GRPO: per-token importance ratios

Given prompt $q$, sample $G$ completions $\{o_1, \ldots, o_G\}$ from $\pi_{\theta_\text{old}}$.

For the $l$-th token of the $i$-th completion, compute the importance ratio:

$$\rho_i^l = \frac{\pi_\theta(o_i^l \mid q,\, o_i^{\lt l})}{\pi_{\theta_\text{old}}(o_i^l \mid q,\, o_i^{\lt l})}$$

$\pi_\theta$ = current policy | $\pi_{\theta_\text{old}}$ = rollout policy | $o_i^{\lt l}$ = preceding tokens

The group advantage $\hat A_i$ is computed from reward statistics across the group:

$$\hat A_i = \frac{r(q, o_i) - \mu}{\sigma}, \qquad \mu = \frac{1}{G}\sum_{j} r(q, o_j), \quad \sigma = \text{std}(\{r_j\})$$

Each token is then clipped independently (PPO-style):

$$\min\!\big(\rho_i^l\,\hat A_i,\;\text{clip}(\rho_i^l,\,1\!-\!\varepsilon,\,1\!+\!\varepsilon)\,\hat A_i\big)$$

$\varepsilon = 0.2$ typically | same $\hat A_i$ for all tokens in $o_i$

$|o_i|$ separate ratios, $|o_i|$ separate clip decisions — but only one advantage per completion.

What token-level ratios look like

A 10-token completion.
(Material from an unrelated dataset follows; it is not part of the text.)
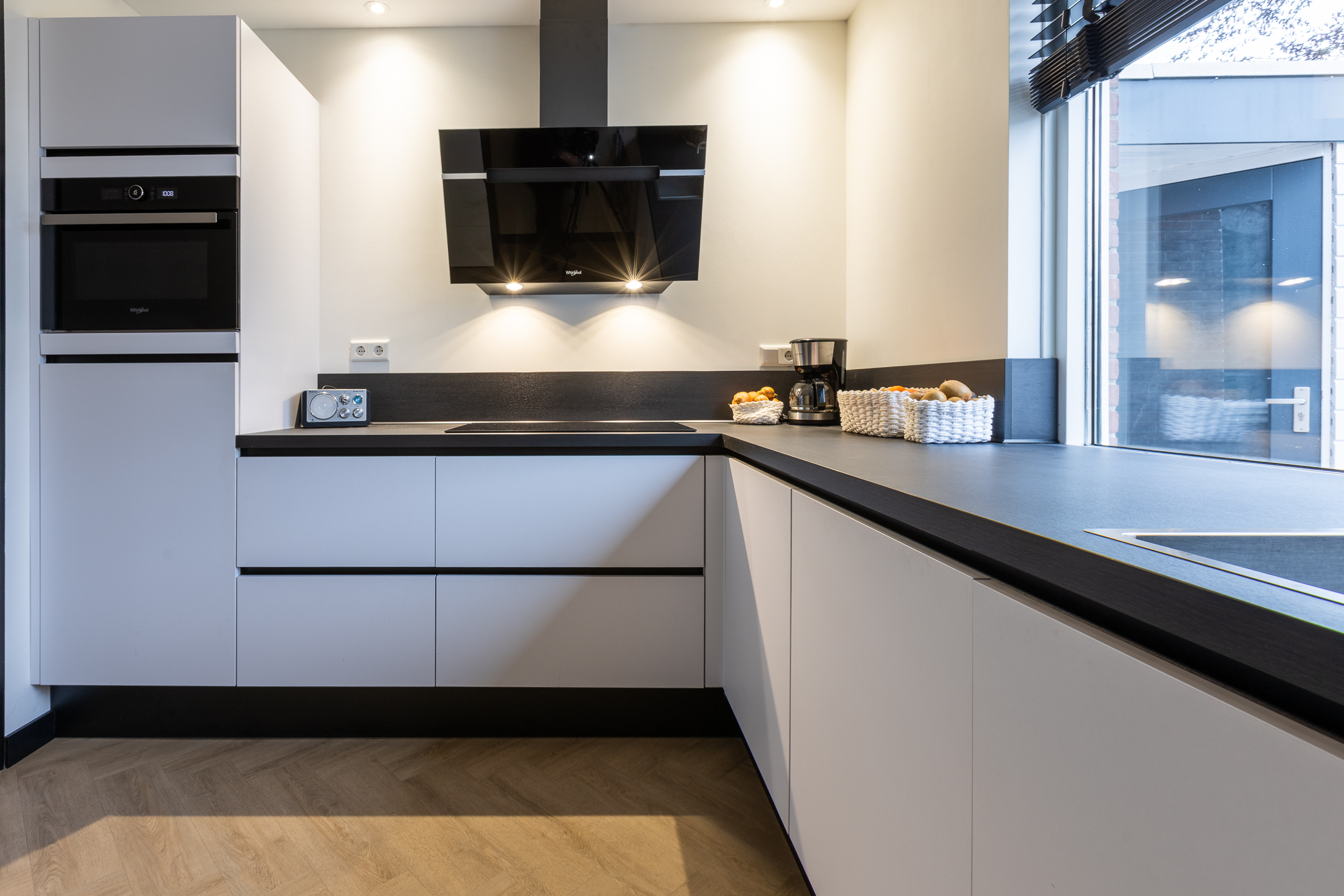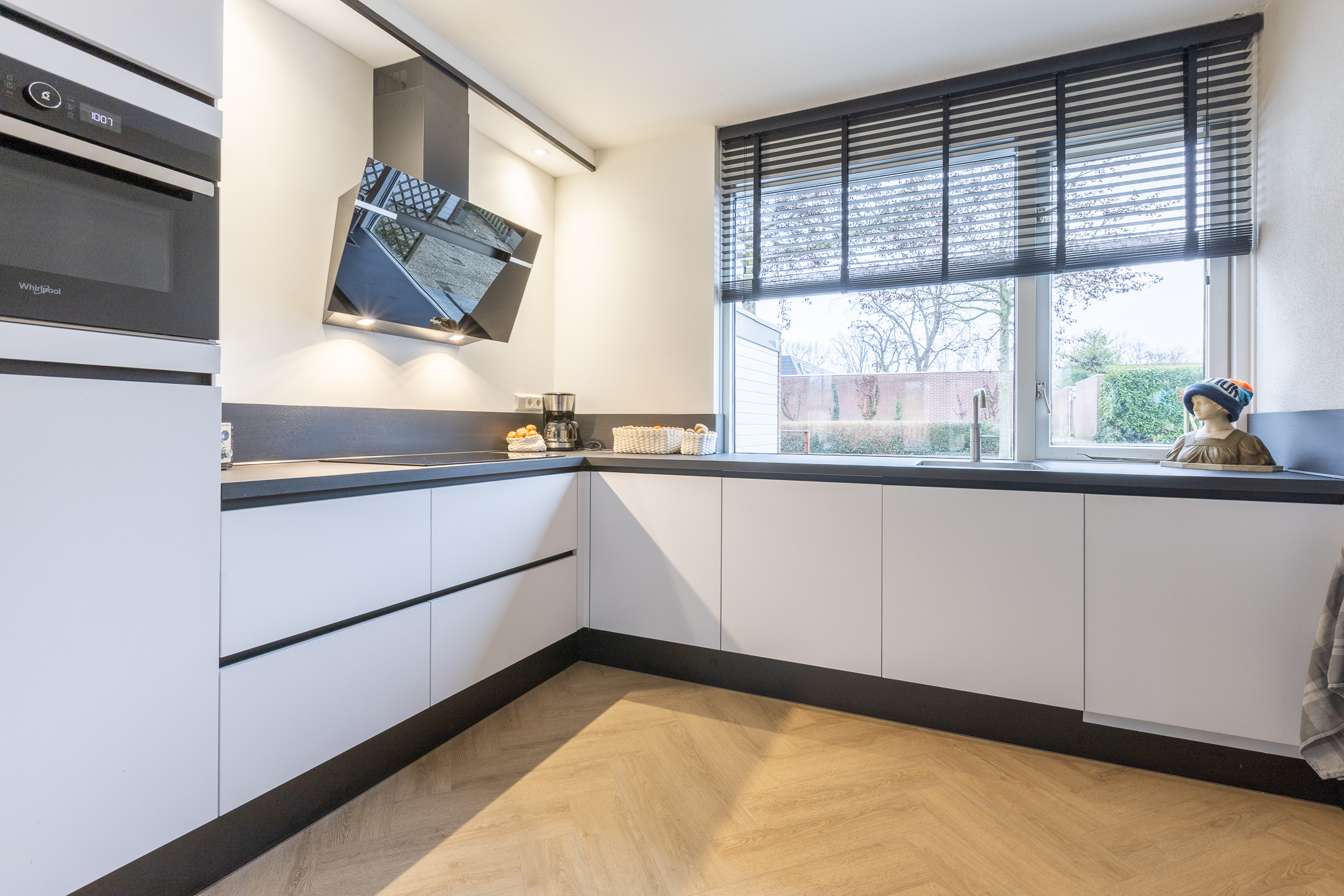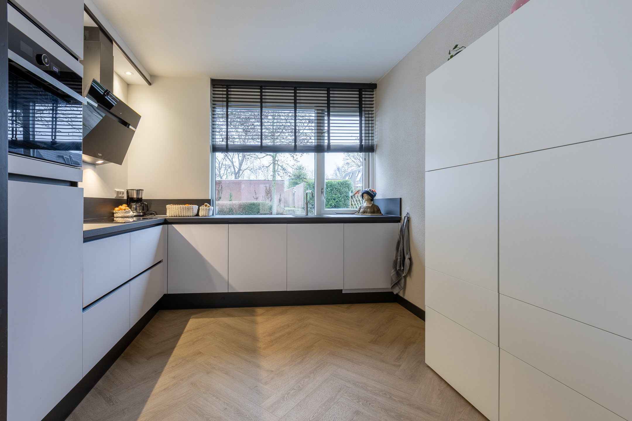 De moderne open keuken (2024) is gelegen aan de voorzijde en voorzien van diverse inbouwapparatuur, waaronder een inductiekookplaat, vaatwasmachine, koelkast, vriezer, combi magnetron/oven, afzuigkap en een cooker. Daarnaast is er een losse kastenwand aanwezig voor extra bergruimte.
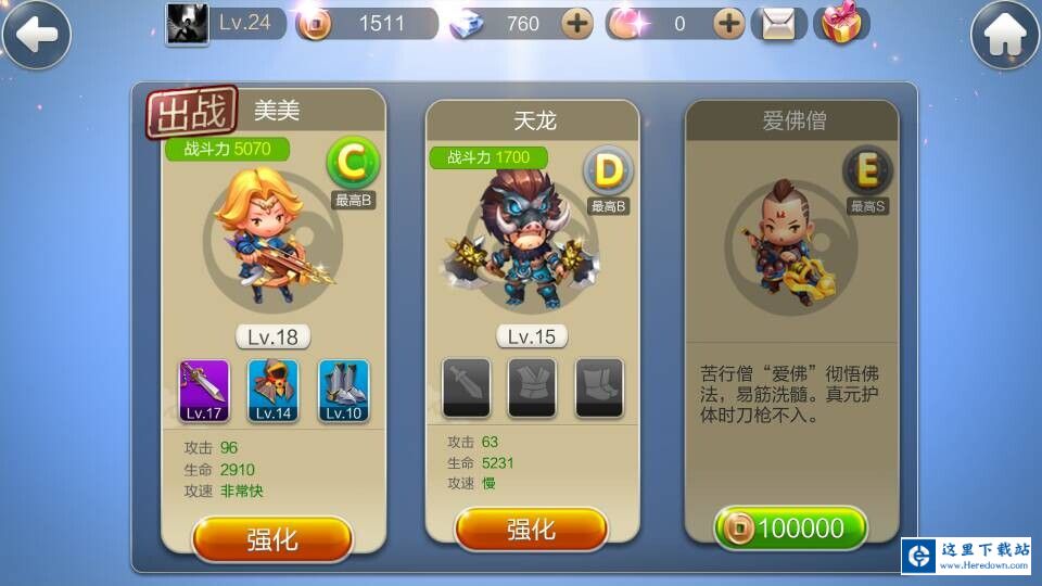 除了爱佛僧为最高S级英雄外,美美和天龙都是最高为B级的英雄。英雄需要从最低E级强化逐渐强化到高级,品质高的英雄属性更高,技能越多。

Each token has its own $\rho_i^l$:

Most tokens: $\rho \approx 1$ (common tokens, unchanged).

A few tokens shift substantially — these carry the real policy change.

But clipping treats each one in isolation, without considering the sequence as a whole.

The problem: noise accumulates with length

Token-level $\rho_i^l$ does not correspond to valid importance sampling.

The sequence-level ratio is a product of token ratios:

$$\frac{\pi_\theta(o_i \mid q)}{\pi_{\theta_\text{old}}(o_i \mid q)} = \prod_{l=1}^{|o_i|} \rho_i^l$$

Clipping each $\rho_i^l \in [0.8, 1.2]$ individually allows the product to range over:

$|o_i| = 10$

$[0.8^{10},\; 1.2^{10}]$

$= [0.107,\; 6.19]$

$|o_i| = 100$

$[0.8^{100},\; 1.2^{100}]$

$\approx [0,\; 8 \times 10^7]$

Token-level clipping provides no effective constraint on the sequence-level ratio.

GSPO: sequence-level ratio

Replace $|o_i|$ token ratios with a single sequence-level quantity:

$$s_i(\theta) = \left(\frac{\pi_\theta(o_i \mid q)}{\pi_{\theta_\text{old}}(o_i \mid q)}\right)^{1/|o_i|} = \left(\prod_{l=1}^{|o_i|} \rho_i^l\right)^{1/|o_i|}$$

This is the geometric mean of per-token ratios.

$$\text{Clip } s_i(\theta) \in [1-\varepsilon,\; 1+\varepsilon]$$

One scalar per completion. The sequence-level ratio is directly bounded.

Length-normalized: a 10-token and 100-token completion are on the same scale.

Side by side: clipping behavior

Same policy update, same completion. What gets clipped?

GRPO

Most tokens not clipped individually

Product can explode

GSPO

Geometric mean = one number

Directly bounded

Effective clipping rate

GSPO clips $\mathbf{100\times}$ more often than GRPO — yet trains better.

GRPO's low clip rate is not "gentle optimization" — it is lack of control.

Most tokens pass the clip check individually, but their product drifts unconstrained.

GSPO's high clip rate means the constraint is actively shaping the update — as intended.

Length sensitivity

How gradient variance scales with response length:

GRPO

Noise $\propto$ length

Long reasoning traces = noisy gradients

GSPO

Noise $\approx$ constant

Length-normalized ratio absorbs the scaling

Bonus: MoE stability

Mixture-of-Experts models route each token to different experts.

GRPO needs per-token likelihoods — sensitive to routing decisions.

Requires "Routing Replay" (cache + replay routing patterns) to stabilize training.

GSPO only needs the sequence-level log-probability.

Insensitive to per-token routing variations. No Routing Replay needed.

GSPO was used to train the Qwen3 model family.

GRPO vs GSPO: Summary

GRPO

Token-level $\rho_i^l$

$|o_i|$ ratios, each clipped

Product unconstrained

Noise $\propto$ length

DeepSeek, 2024

GSPO

Sequence-level $s_i(\theta)$

1 ratio (geometric mean)

Directly bounded by clip

Noise $\approx$ constant

Qwen/Alibaba, 2025

Same group advantage $\hat A_i$. Different optimization target.

GSPO fixes the how of the update, not the what (credit assignment remains task-level).